With a 1-2 count, major-league hitters (including the ones who are a lot better at hitting than Brett Phillips) don’t even bat .200 in aggregate. Phillips started the at-bat with little hope. By this point, with the Rays a strike away from a 3-1 World Series deficit, a little bit of hope felt like a lot more hope than was reasonable.

For Phillips, this all must have felt very strange. The Rays are his hometown team; he actually grew up with Rays posters on his wall. (I’m hoping he had a Toby Hall poster, because it would be funny if there were Toby Hall posters.) When Phillips came to Tampa via trade earlier this season, he called it “a dream inside of a dream.”

So what do you call this, Brett Phillips?
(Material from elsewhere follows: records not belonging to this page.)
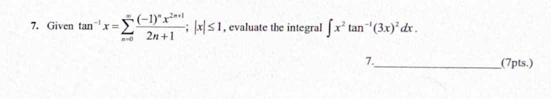 7. Given tan 2n+1 evaluate the integral Sx2 tan- 7. (7pts.)
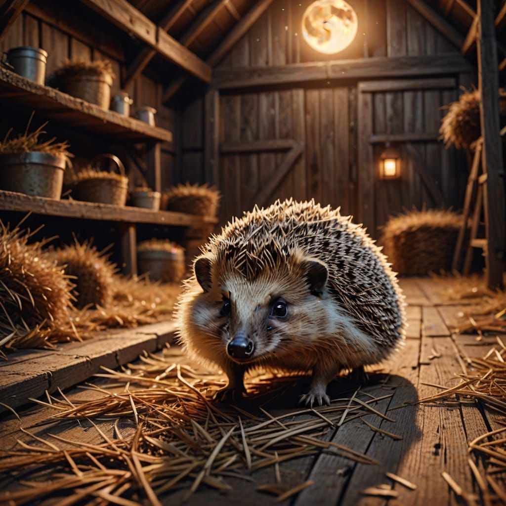 A charming digital artwork of a hedgehog exploring a vintage barn attic. The watercolor style and golden hour lighting create a cozy, serene atmosphere with warm colors and rustic charm.
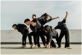A group of adults performing dynamic contemporary dance on a rooftop.
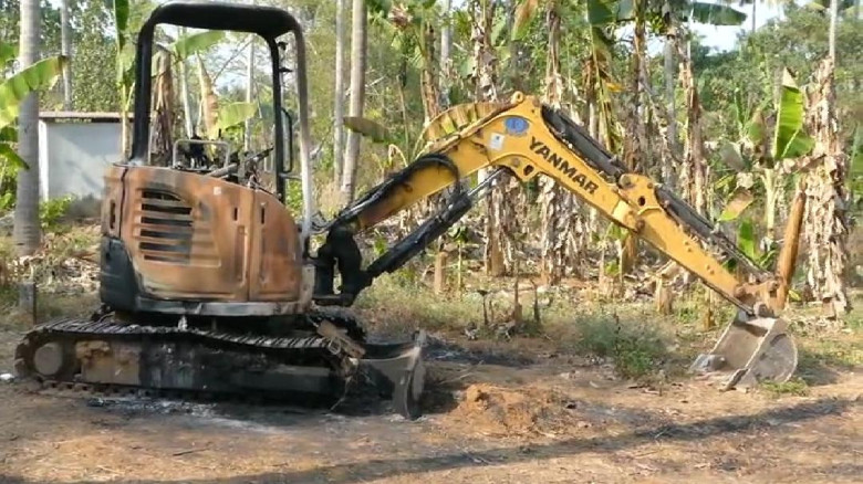 ആളൂരിൽ മണ്ണ് മാന്തിയന്ത്രം തീയിട്ട് നശിപ്പിച്ച നില...
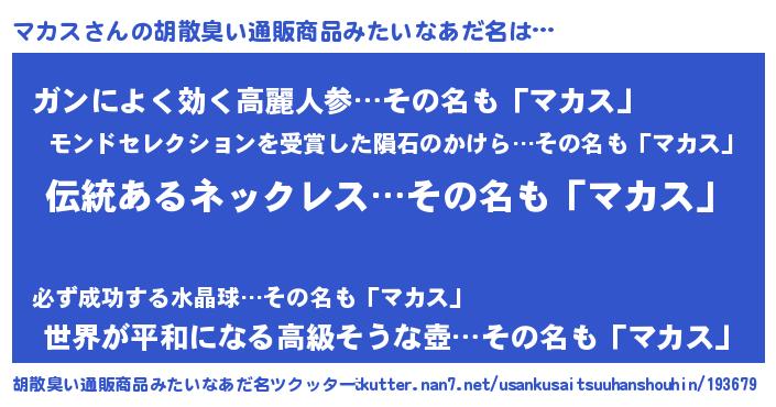 | 意味不明あだ名 | 『とにかく怪しいマカス』『自称マカス』 |
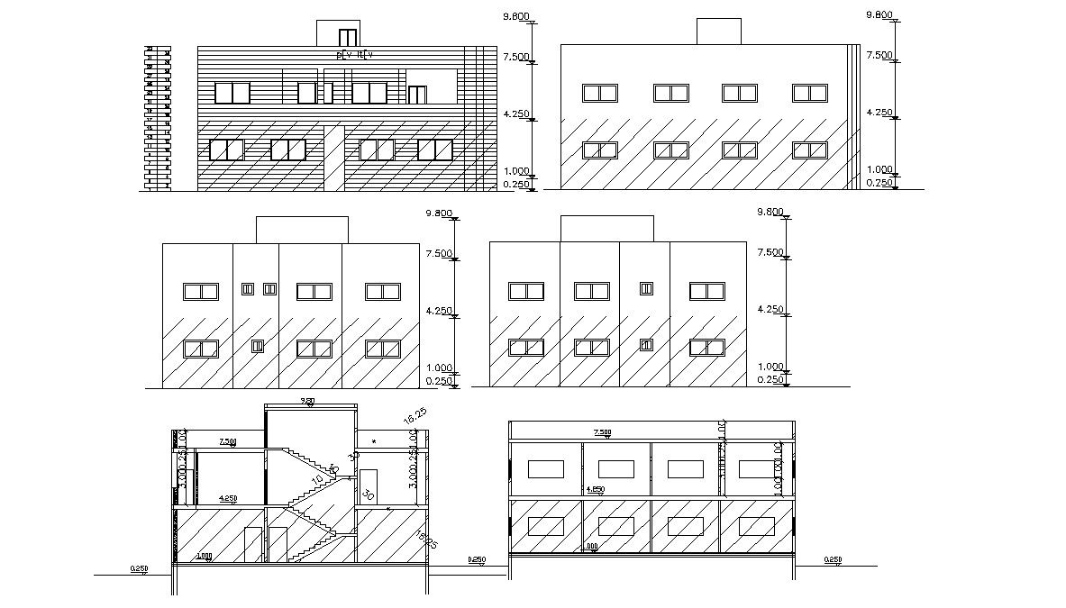 four side elevations and sections of residential building design with floor levels dimension details, hatching design in elevation, stair section, doors and windows marking in it. and other more details related to drawing free download this drawing.

Phillips’ soft liner should’ve only tied the game 7-7. But Dodgers center fielder Chris Taylor booted the ball, which spurred the Rays’ Randy Arozarena to make the ill-advised decision to charge for home … a decision that looked even more ill-advised when Arozarena made like Daniel Jones and toppled over halfway past third base … a decision that became, somehow, a genius maneuver when Dodgers catcher Will Smith made a swipe tag he didn’t have to make, lost the ball, and allowed Arozarena to dive home safely with the winning run. Rays 8 - Dodgers 7. World Series tied two games all. Whew.

It took Phillips a few minutes to gather himself for his on-field post-game interview, which makes sense when you watch how he spent the preceding moments.

When Phillips did get it together, he sounded like he’d just woken up from a dream inside of a dream wrapped inside a chalupa sold at a stand on a beach somewhere far away from the World Series.

There’s only one other baseball player who’s ever done what Phillips did in Game 4—get a game-winning hit in the World Series with his team down to its last strike. That player is Kirk Gibson, who limped off the bench for the Dodgers in Game 1 of the 1988 World Series and cranked a home run off the A’s Dennis Eckersley.

Legendary Dodgers broadcaster Vin Scully, calling that game on NBC, said of Gibson’s home run: “In a year that has been so improbable … the impossible has happened!” Jack Buck, calling it on the radio, shouted, “I don’t believe what I just saw!”

Jack’s son Joe Buck had more than enough to do just to narrate the 20 seconds of not-so-Dodgers-friendly chaos that spooled out before him on Saturday night. And, to his credit, he got everything exactly right.

Jansen. That is into center field. Here comes Kiermaier. Phillips has tied the game.

Arozarena coming around. Throw home, now he stumbles. But the ball gets away! Tampa Bay wins it!

Brett Phillips, Game 4 hero!

That last bit—Brett Phillips, Game 4 hero—sounds like it must be wrong. But I saw it, so I guess I believe it. Brett Phillips, Game 4 hero!